Mercredi 30 janvier 2008
Suite article N° 2


3- Physiotherapy

3-1: neuromuscular electric stimulation
3-2: biofeedback training.

3-1 Therapeutic aspects of intra vaginal stimulation

    The position of vaginal or anal electrodes is very important. With vaginal electrodes it has been demonstrated that there is correlation between position and maximum urethral closing pressure (MUCP) if the electrode is on the muscle during stimulation. The best responses are obtained with electrodes in close proximity to the voluntary muscles of the pelvic floor (PC – IC) and to the pudendal nerves. The contractile response is always greatest when the electrodes are in close contact with the musculature of the levator ani.
    The surface of the electrodes should be sufficient to allow an effective action with a minimal loss of electrical activity. We consider, for vagina, 5 mm2 is the smallest to be effective. Ideally 15 mm2 should be used bearing in mind the width of the muscle branches. For anal stimulation 10 mm2 are sufficient.
    The shape of the electrodes is also important: too large electrodes (like bars) aren’t necessary the best, covering too much the muscle zone.

Effect of Functional Electrical Stimulation - FES

Electric parameters are those recommended by the Northern school: M. Fall, Erlandson, Carlsson, Sundin & Eriksenn.

In both intra-vaginal or anal stimulation, we know that neuromuscular stimulation of pelvic floor musculature – low frequency biphasic stimulation zero net D.C. – both inhibits the bladder in urge incontinence, and increases the urethral pressure profile in genuine stress incontinence, by reflex action, depending on the frequency used.

-    Stress incontinence :  50 Hz
-    Urge incontinence (bladder inhibition) : 10Hz
-    Mixed incontinence : 20 Hz or double associated stimulation 5O Hz – 20 Hz

Interferential technique may be also used with alternating pulse using 3.000 / 4.000 Hz modulated 5 - 10 Hz for urge incontinence, and 3.000 / 4.000 Hz modulated 50 - 70 Hz for stress incontinence.

Other side effects of the FES are:
    to increase of the strength of the pelvic floor muscle
    to improve the urethral sphincter response
    to involve an element of conditioning
    to reduce and/or cure PF pain such as dyspareunia

Contra indications - when not to use F.E.S.

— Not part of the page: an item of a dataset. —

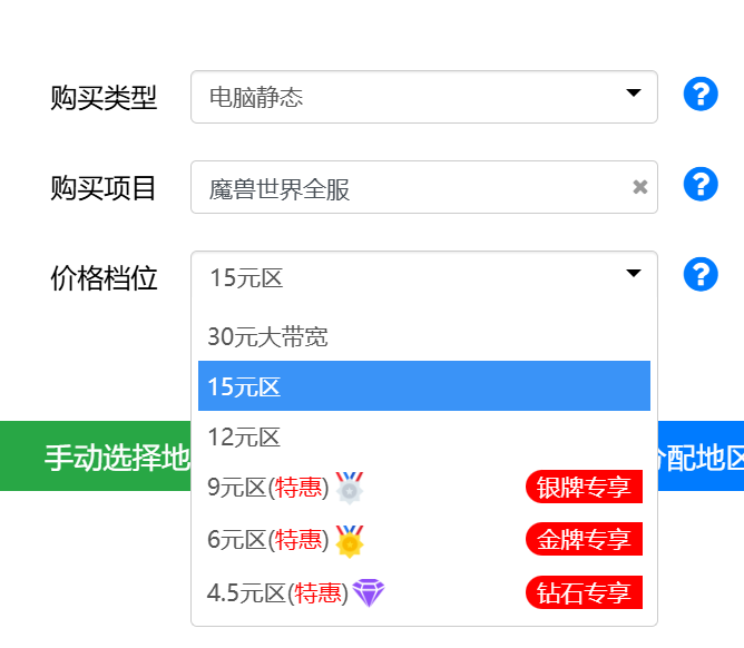 自动分配地区(点击前往):输入 地区数量,IP数量,会自动分配合适的地区及数量。

One has to indicate some contra-indications:
    during pregnancy or if the chance of pregnancy exists
    during menstrual period ( it is mainly a psychological contra-indication )
    when there are symptoms of urinary tract infection or vaginal infection
    when there are symptoms of atonic bladder ( because of high compliance ), urinary retention, uretheral reflux
    demand pace maker
    cancer
    total denervation
    non menstrual bleeding
    exteriorised hysterocele

The coil is not a contra-indication because we use biphasic wave with zero DC


3-2 General biofeedback therapy

Biofeedback therapy has different objectives:
1-     to identify the pelvic floor function & the pubo-coccygeus muscle
2-  to appraise the pelvic floor muscle relaxation and act on the information
3-     to release chronic pelvic tension
4-     to correct a reverse perineal command
5-     to integrate the correct perineal blocking before stress

Biofeedback in urological disorders

Objectives for BFB in urological disorders:
1-     to acquire an increased awareness of patients voiding pattern
2-     to train muscles involved in the continence mechanism

Definition and goals of biofeedback

    To detect, show & measure internal physiological events
    To teach, promote & develop conscious control over body processes

So goals are:
    physiological self regulation
    development of new habits or responses
    an improvement of patient’s life

Applied biofeedback

The previous learning process for these goals is:
1-   To develop levator ani contraction before any rise in abdominal pressure using two biofeedback channels e.g. a vaginal and an abdominal at the same time, with EMG recruitment, or with pressure biofeedback.
2-    To perform EMG exercises in a standing position to control reflex PFM contractions and voluntary PFM contractions.
3-     To adapt the programme to meet the women’s requirements

Biofeedback must be relevant in order to enhance learning and to focus attention on agonist (pelvic floor muscles) and antagonist muscles (abdominal muscles). Therapy concentrated on inhibition of the antagonist while attempting to increase the response of the agonist (pubo-coccygeous and puborectal), whilst contracting the external anus sphincter by observing the proper channel of the EMG tracing.
We know that once movement occurs, the EMG force relationship depends upon the speed of contraction and the length of the muscles involved.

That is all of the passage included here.